From In re TEGNA v. Sandoval, decided yesterday by the Minnesota Court of Appeals (Chief Judge Susan Segal, joined by Judges Bratvold and Larson); seems right to me:
KARE 11 obtained a copy of [a] sentencing memorandum [in Sandoval’s criminal case] from Minnesota Court Records Online (MCRO). The district court subsequently determined that the sentencing memorandum had been incorrectly designated as a public document and granted the defendant’s request for a protective order, which provides that:
No additional copies of the Sentencing Memorandum or any portion of the Sentencing Memorandum shall be made by parties who had accessed it, or any other representative or agent of the parties who accessed it; Said Sentencing Memorandum shall not be used for any purpose other than consideration by the court and the parties for sentencing; Said Sentencing Memorandum shall not be publicly exhibited, shown, displayed, used for educational, research or demonstrative purposes, or used in any other fashion, except in judicial proceedings in the above-referenced action; and Said Sentencing Memorandum may be viewed only by the parties; their counsel and their counsel’s employees, investigators, and experts; and as directed by the Court for judicial proceedings in the above-referenced action.

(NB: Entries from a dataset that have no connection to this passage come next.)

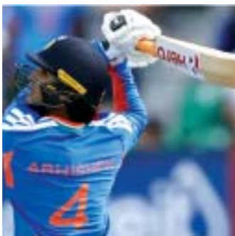
ମ୍ୟାଚରେ ଭାରତୀୟ କ୍ରିକେଟ୍ ଟିମ୍ ଦ୍ୱାରା ଶିବିରରେ ଆର୍ଯ୍ୟଲକ୍ଷ୍ମ ନିଷ୍ପତ୍ତି ନେଇଥିବା ଘରୋଇ ଦଳ ପ୍ରଥମେ ବ୍ୟାଟିଂ କରିଥିବା ଆର୍ଯ୍ୟଲକ୍ଷ୍ମ ପାଇଁ ଅଧିନାୟକ ଭାବେ ଚଳିଥିବା ଫଟୋ

ବେଙ୍ଗାଳୁରୁ, ୨୭/୧୦: ଆର୍ଯ୍ୟଲକ୍ଷ୍ମ ଘରୋଇ ମାଟିରେ ଦମଦମ ପ୍ରଦର୍ଶନ କରିଛନ୍ତି। ଦଳ ପ୍ରଥମେ ନିର୍ଦ୍ଧାରିତ ୨୦ ଓଭରରେ ୧୧୫ରୁ କମ୍ ହରାଇ ୧୮୨ ରନ୍ କରିଛି। ଘରୋଇ ବୋଲିଂ କ୍ଷେତ୍ରରେ ଦମଦମ ପ୍ରଦର୍ଶନ କରି ଭାରତକୁ ୧୪୮ ରନ୍ରେ ଅଟକାଇଛି। ୧୮୩ ରନ୍ରେ ବିଜୟ ଲକ୍ଷ୍ୟ ନେଇ ବ୍ୟାଟିଂ କରିଥିବା ଭାରତ ୧୮.୫ ଓଭରରେ ସମସ୍ତ ଟ୍ରେକେଟ୍ ହରାଇଛି। ଫଳରେ ଘରୋଇ ଦଳ ଏହି ମ୍ୟାଚକୁ ୩୪ ରନ୍ରେ ବିଜୟ ହାସଲ କରିଛି। ଏଥି ସହିତ ଭାରତ ବିପକ୍ଷରେ ଆର୍ଯ୍ୟଲକ୍ଷ୍ମର ଐତିହାସିକ ବିଜୟ ହାସଲ କରିଛି। ଦୁଇ ମ୍ୟାଚ୍ ବିଶିଷ୍ଟ ୧୨୦ ଖଞ୍ଜକାର ପ୍ରଥମ ପ୍ରକାଶିତ ସ୍ତରୀୟ ବିଭିନ୍ନ ସର୍ବିସ କ୍ରିକେଟ୍ କ୍ଲବ୍ରେ ଖେଳାଯାଇଛି। ଏହି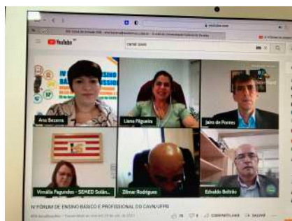
Foto 02. Mesa de Abertura do IV Fórum de Ensino Básico e Profissional, 2021.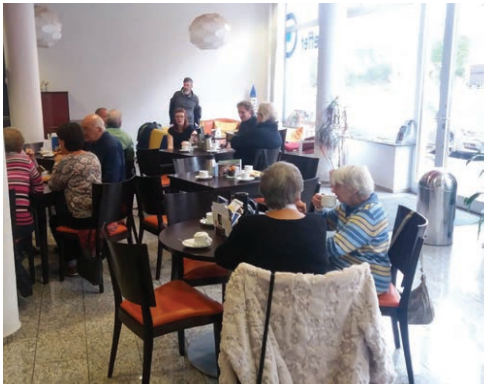
Erzähl-Café im Oktober 2018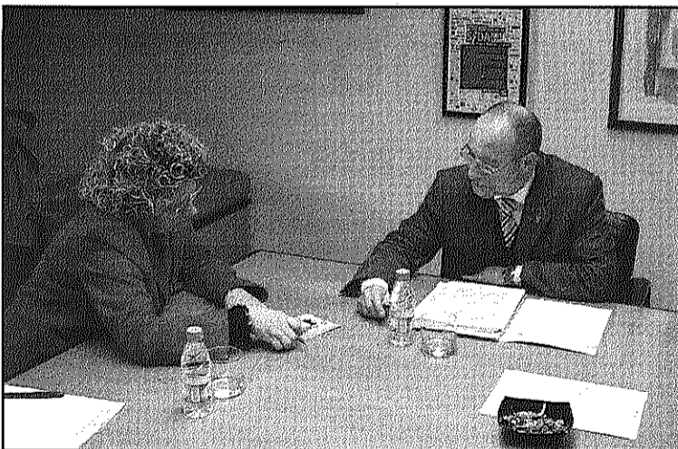
Geli i Deulofeu en una reunió entorn al nou hospital (L'AdBM)

REDACCIÓ. Sant Celoni Avui, divendres, a tres quarts de 12 del migdia, se celebra l'acte inaugural del TAC d'alta tecnologia de l'Hospital de Sant Celoni, amb la presència de la consellera de Salut, Marina Geli, a la que acompanyaran les autoritats locals.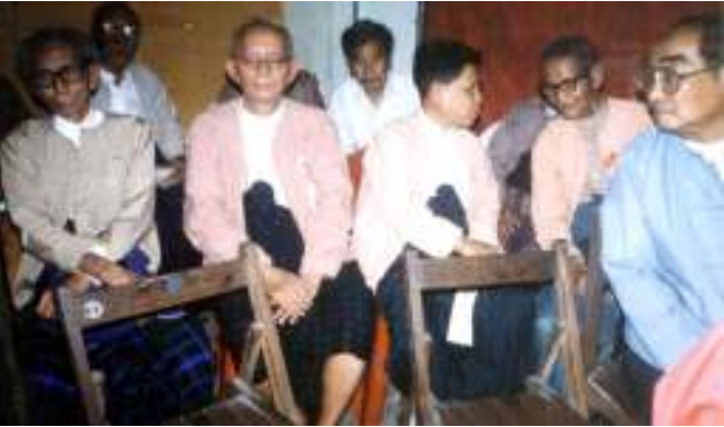
မြန်မာ့လွတ်လပ်ရေးနေ့တွင် ပါဝင်ခဲ့ကြသော သခင်ဟောင်းကြီးများ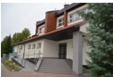
• Zmodernizowany budynek Ciechanowskiego Ośrodka Edukacji Kulturalnej Studio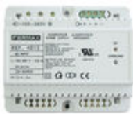
F04813 ALIMENTADOR DIN6 100-240VAC/12VDC-2A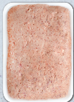
КАЙМА ЗА СКАРА "ЖАР" 100% СВИНСКО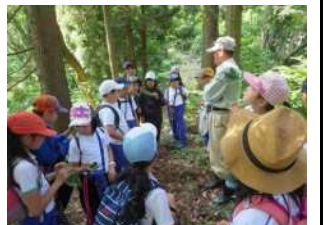
森の寺子屋の開催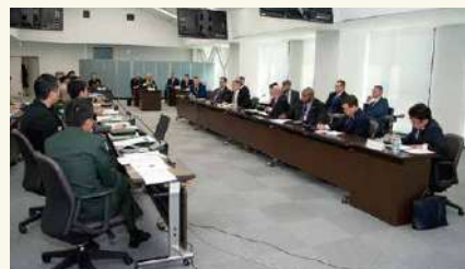
交流風景 Interacting with overseas researchers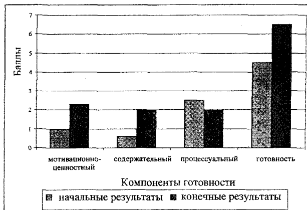
Гистограмма 1. Изменения в компонентах готовности учителей в ЭГ-1

помощи консультантов, более опытных коллег, опираясь лишь на свои опыт и знания.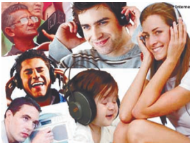
Sintonize seu rádio e fique bem informado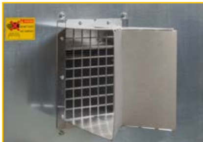
Luftverteiler (bestehend aus einem rechten und einem linken Teil)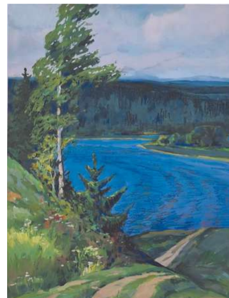
Свежий ветер на Иртыше

истории их создания. Рассматривая альбомы с его работами, мы смогли окунуться в прошлое города, отраженное в его картинах. Ознакомиться с историей прошедших десятилетий.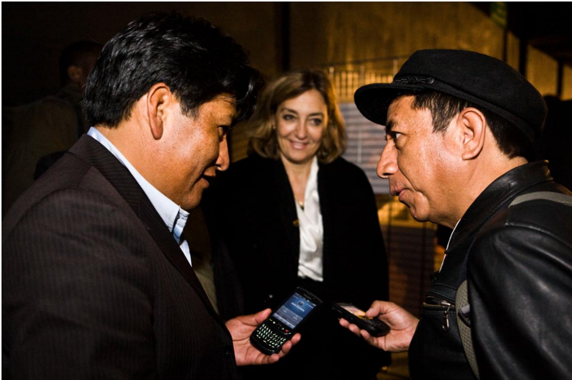
El encuentro no esperado de Quispe y Olivera en el FAMA.. J. Marcos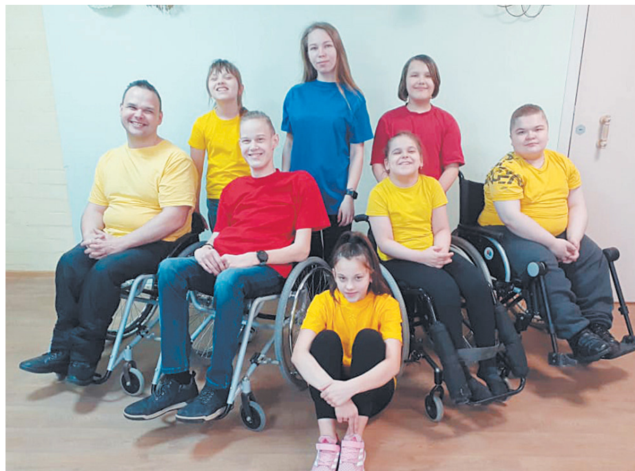
В танцах участвует пара: танцовщик на коляске и волонтер с обычным здоровьем.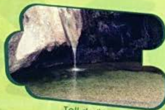
Toll de l'Ou

Pel camí de la Serra Major farem cap el Toll de l'Ou i l'ermita de Santa Magdalena, la catedral del Montsant. Cingleres, barrancs i grans paisatges ens acompanyaran en aquest tram.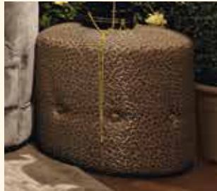
Art. 468A Pouff/Pouf Ø cm 40 x 50 Pag: 21 - 24/25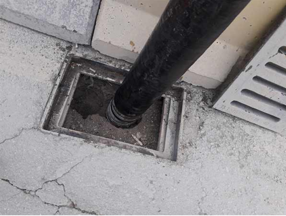
Kanal Tıkanıklığı Açma 6. Aşama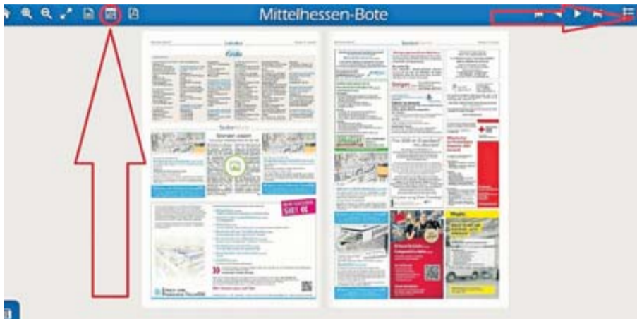
Das E-Paper des BOTEN hat viel zu bieten, wie den Zugriff auf alte Ausgaben über das Kalendersymbol oder die Volltextsuche.

nes wieder schwarz auf weiß in Erinnerung rufen. Wenn Sie sich einen Überblick über Veröffentlichungen zu einem bestimmten Stichwort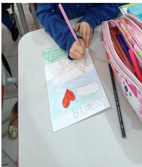
A Arte das Crianças – Eduardo Galeno.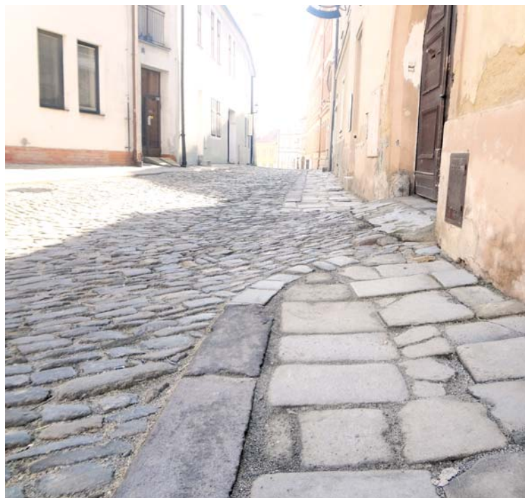
■ Povrch komunikací na Veselé ulici.

Silnice budou zadlážděny kostkami deset na deset centimetrů, položenými v kružkové vazbě. Dlažba je základním jednotícím elementem rekonstrukce MPR.

In addition to signing the written order, the district court ordered on the record that “if there were any copies that were reproduced … those should be destroyed and are not to be distributed.” We refer to the district court’s written and oral orders together as “the July 19 order.” …
[T]he press may not be sanctioned for publishing information that it lawfully obtains, “absent a need to further a state interest of the highest order.” Fla. Star v. B.J.F. (1989); [other cases]. And any such sanction must be narrowly tailored to meeting that state interest.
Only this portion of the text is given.